SECURE ANNOUNCES CONSENT SOLICITATION TO AMEND ITS 11.000% SENIOR SECURED NOTES DUE 2025
CALGARY, AB, June 8, 2023 /CNW/ - SECURE ENERGY Services Inc. ("SECURE" or the "Corporation") (TSX: SES), today announced that it has commenced a consent solicitation (the "Solicitation") with respect to proposed amendments (the "Proposed Amendments") to the indenture (the "Indenture") governing its 11.000% Senior Second Lien Secured Notes due 2025 (the "Notes") upon the terms and subject to the conditions set forth in the Consent Solicitation Statement dated June 8, 2023 (the "Statement"). SECURE is soliciting consents from holders of record of the Notes as at 5:00 p.m., New York City time, on June 7, 2023 ("Holders"). Subject to the terms and conditions set forth in the Statement, SECURE will pay eligible holders who validly deliver their consents on or prior to 5:00 p.m., New York City time, on June 16, 2023 (as such date and time may be extended or earlier terminated by SECURE in its sole discretion in accordance with the Statement, the "Expiration Time"), and do not validly revoke such consents on or prior to the earlier of the Effective Time (as defined below) and the Expiration Time, a cash payment equal to US$5.00 per US$1,000 in aggregate principal amount of the Notes consented (the "Consent Payment"). The Consent Payment will only be payable upon and subject to the occurrence of, among other things, the receipt of the Requisite Consents (as defined below).
SECURE is soliciting the consents to the Proposed Amendments for the purposes of fully aligning the restricted payment section under the Indenture with the comparable terms under the indenture governing SECURE's outstanding $340 million aggregate principal amount of 7.25% unsecured notes due 2026, which facilitates SECURE's delivery of its capital allocation priorities, including the return of capital to shareholders in the form of its quarterly dividend and opportunistic share repurchases.
The Solicitation is subject to certain conditions, including, among other things, the receipt of valid and unrevoked consents in respect of more than 50% of the aggregate principal amount outstanding of the Notes (other than Notes held by SECURE or any of its affiliates) (the "Requisite Consents") at or prior to the Expiration Time. The Proposed Amendments will be effected by a fifth supplemental indenture (the "Fifth Supplemental Indenture") to the Indenture, which will be executed after the receipt of the Requisite Consents, as described in more detail in the Statement. However, the Proposed Amendments will not become operative unless the Consent Payment is made. SECURE expects to make the Consent Payment upon or promptly after the time and date on which the Fifth Supplemental Indenture is executed and delivered (the "Effective Time").
Delivered consents may be validly revoked prior to the earlier of the Expiration Time and the Effective Time. Holders should note that the Effective Time may fall prior to the Expiration Time and Holders will not be given prior notice of such Effective Time. Holders will not be able to revoke their consents after the earlier of the Effective Time and the Expiration Time.

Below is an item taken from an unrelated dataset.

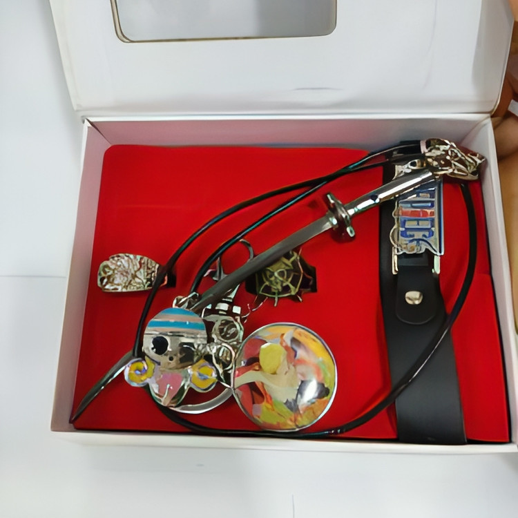 «ست کلکسیونی وان پیس شامل شمشیر مینیاتوری، کلیدساز کلاه چوپر، کلیدساز شیر، کلیدساز دایرهای با تصویر شخصیت، قطعه فلزی شبیه سکان کشتی و دستبند مشکی با لوگوی رسمی One Piece است. این باکس ویژه با طراحی دقیق و کیفیت بالا، انتخابی عالی برای کلکسیونرها و طرفداران انیمه وان پیس و هدیهای خاص برای دوستداران دنیای لوفی و همراهانش.»

In the event that SECURE does not receive the Requisite Consents prior to the Expiration Time, no Consent Payment will be made by SECURE.
The Solicitation is being made solely on the terms and subject to the conditions set forth in the Statement. SECURE may, in its sole discretion, terminate, abandon, extend or amend the Solicitation as described in the Statement.
SECURE has retained Barclays Capital Inc. to act as solicitation agent in connection with the Solicitation. Questions may be directed to Barclays at +1 (800) 438-3242 (toll free) or 1 (212) 528-7581 (collect). SECURE has retained D.F. King & Co., Inc. to act as Information and Tabulation Agent in connection with the Solicitation. Questions and requests for additional documents may be directed to D.F. King & Co., Inc. at +1 (800) 848-3410 (toll free) or +1 (212) 269-5550 (bankers and brokers collect) or by e-mailing [email protected].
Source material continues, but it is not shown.